Well that's perhaps the assumption they'd make, yes, although it
might be at odds with reality.
>> Killers climb a mountain because that'll spoil the experience for
>> everyone else.
> That is more a definition of a Griefer than a Killer.
Wellll, yes, it is. I suppose I was being a little too facetious
there.
It's more like: Killers climb a mountain because of the power it
gives them over other people. However, since (in general) climbing a
mountain doesn't give people power over other people, the analogy
kinda broke down there so I took the griefer option.
> I don't think I'm an Explorer because I have no concern for the
> mountain unless it is a factor in where I am.
Agreed.
> And I don't think I'm an Achiever because I need a reason to climb
> it.
Achievers need a reason to do it: they have to perceive it as
something that is intrinsically difficult, but which they feel they
are capable of conquering. They don't especially care whether others
can conquer it or not, but one measure of "difficulty" is how many
or few other people have achieved it, so in that sense other people
matter. At heart, though, they want to beat the environment; they
only want to beat other players in the sense that they are part of
the environment.
> I might climb the mountain to get away from other people, so maybe
> I'm Anti-Social. :-)
There aren't many of you in multi-player games, because you can get
everything you want without hassle from single-players games.
> If Killer is synonymous with Griefer, then the usefulness of the
> quotient is much diminished, IMO.
Yes, it is. I spend a lot of time telling people the the top left
quadrant of my player graph isn't just griefers, or just PKs, or
just anything else. What it covers are people who like acting on
other people. Some may be leader types, some may be politicians,
some may be busibodies, some may be griefers, some may be PKs...

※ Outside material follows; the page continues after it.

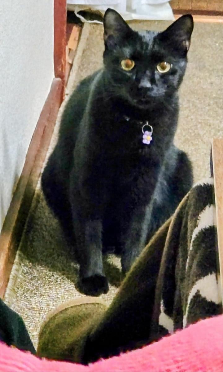 目が黄色くて大きくシッポと足が長い黒猫を探しています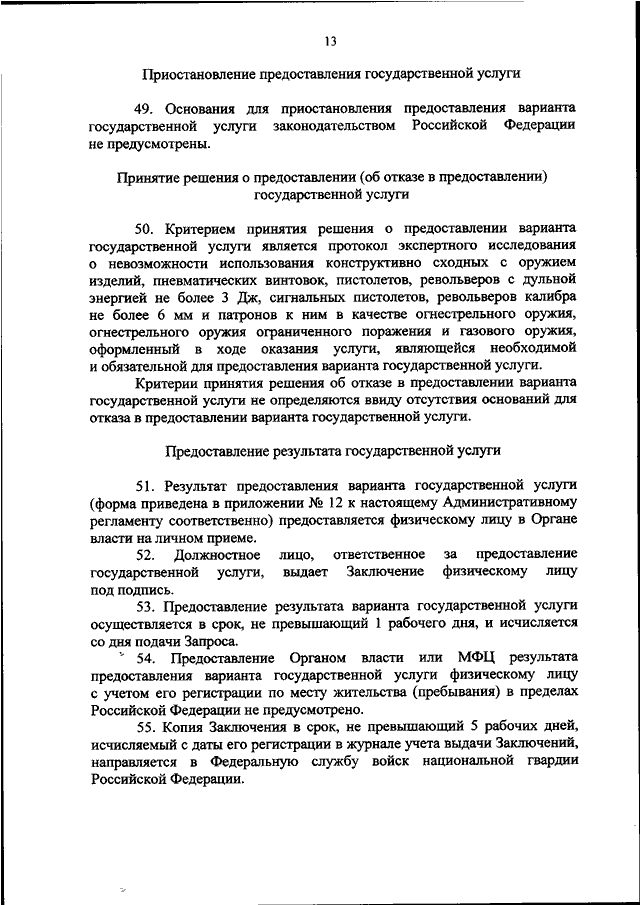 "ОБ УТВЕРЖДЕНИИ АДМИНИСТРАТИВНОГО РЕГЛАМЕНТА МИНИСТЕРСТВА ВНУТРЕННИХ ДЕЛ РОССИЙСКОЙ ФЕДЕРАЦИИ ПО ПРЕДОСТАВЛЕНИЮ ГОСУДАРСТВЕННОЙ УСЛУГИ ПО ВЫДАЧЕ ЗАКЛЮЧЕНИЙ МИНИСТЕРСТВА ВНУТРЕННИХ ДЕЛ РОССИЙСКОЙ ФЕДЕРАЦИИ О НЕВОЗМОЖНОСТИ ИСПОЛЬЗОВАНИЯ КОНСТРУКТИВНО СХОДНЫХ С ОРУЖИЕМ ИЗДЕЛИЙ, ПНЕВМАТИЧЕСКИХ ВИНТОВОК, ПИСТОЛЕТОВ, РЕВОЛЬВЕРОВ С ДУЛЬНОЙ ЭНЕРГИЕЙ НЕ БОЛЕЕ 3 ДЖ, СИГНАЛЬНЫХ ПИСТОЛЕТОВ, РЕВОЛЬВЕРОВ КАЛИБРА НЕ БОЛЕЕ 6 ММ И ПАТРОНОВ К НИМ В КАЧЕСТВЕ ОГНЕСТРЕЛЬНОГО ОРУЖИЯ, ОГНЕСТРЕЛЬНОГО ОРУЖИЯ ОГРАНИЧЕННОГО ПОРАЖЕНИЯ И ГАЗОВОГО ОРУЖИЯ"

I think maybe I took it for granted that when I equated killers with
spoiling stuff for other people, people would realise I was being
flippant. I guess I should maybe have flagged it a little, too.

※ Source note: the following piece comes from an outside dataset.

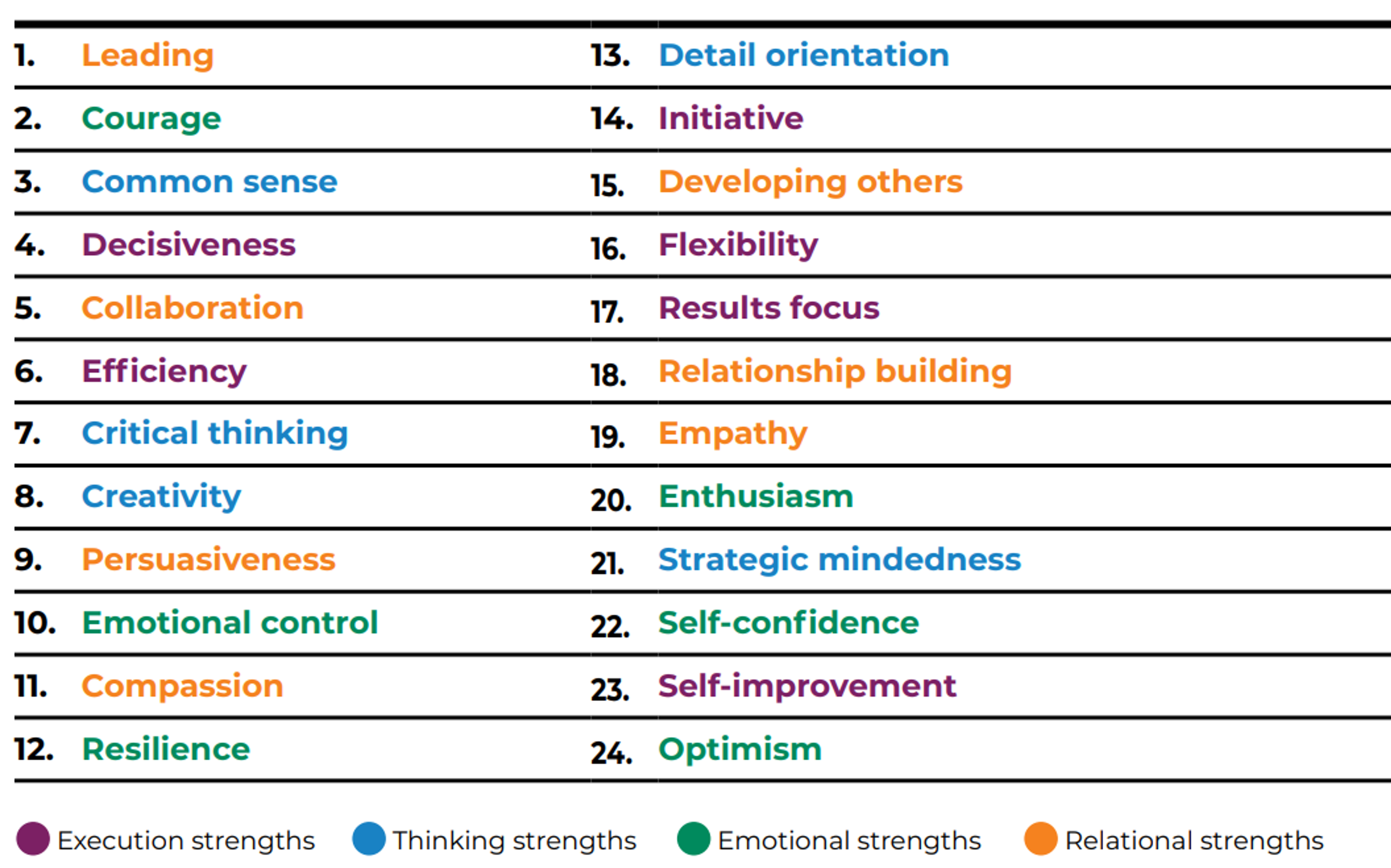 Strengths are qualities that energise us and that we are great at, or have the potential to become great at. This ranking demonstrates the most common strengths of leaders in the construction industry.

> Equating Competition with Griefing is foolish, IMO.
Well yes, it is.
> It appears to be a problem with both the Bartle Quotient and the
> Yee Motivations.
Standard disclaimer: I didn't design the Bartle quotient test.

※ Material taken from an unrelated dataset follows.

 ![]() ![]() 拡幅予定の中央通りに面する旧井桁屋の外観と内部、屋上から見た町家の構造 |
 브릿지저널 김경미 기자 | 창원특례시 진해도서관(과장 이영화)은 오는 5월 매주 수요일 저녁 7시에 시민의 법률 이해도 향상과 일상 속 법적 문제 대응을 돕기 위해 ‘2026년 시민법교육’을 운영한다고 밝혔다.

As for the Yee motivations, they tell an incomplete story. There may
be other motivations that the survey missed. The ones it identified
arose from my player types paradigm, but other questions might well
have found further motivations.
The same could be said for my player types, of course, except that I
also presented a system that relates them to each other. If there
are further player types, they use different (or additional)
dimensions to mine and don't obviously interact with mine. Nick
Yee's studies take a new approach (which is potentially more useful
than mine) in that they identify motivations, many of which can be
held at once. However, they don't come with an underlying system
that shows any relationship between them strong enough to suggest
one way or the other whether further motivations might
exist. Indeed, they don't even come with a guarantee that the
motivations are all the same level of abstraction - they could be
the equivalent of "orange, lemon, lime, fruit".
When I started my work on player types, all I had were the results
of an informal (but in-depth) survey I undertook among my
players. It was a free-form question, so they could answer anything
they liked, and I had to extract meaningful information from their
answers. I could have asked specific questions, but I didn't want to
prejudice their replies (and didn't know what they were going to
reply anyway). Had I taken the answers I did get, extracted all the
various points they mentioned and run them through a stats program,
I would have been at the same stage Nick Yee's studies are now:
interesting figures and intriguing correlations, but no underlying
mechanism to suggest why things are the way they are. I couldn't be
sure I hadn't missed anything out, due either to my self-selecting
population of respondents or my own inability to discern more subtle
behaviours from what my players told me. The model only firmed up
when I developed first the player interest graph and then the
inter-type dynamics.
I believe that the Yee Motivations form the basis of a fruitful
direction for research. If it proves more useful than my player
types approach, so much the better. However, it's just the
beginning. Nick Yee has planted the seeds; let's see what grows from
them.
My approach is at the psychological level, whereas for
multi-community games with thousands of players a socialogical level
is likely to be of more use. We don't have that yet, but perhaps
Yee's Motivations could lead to something concrete in that
direction. I await further results and analysis with interest.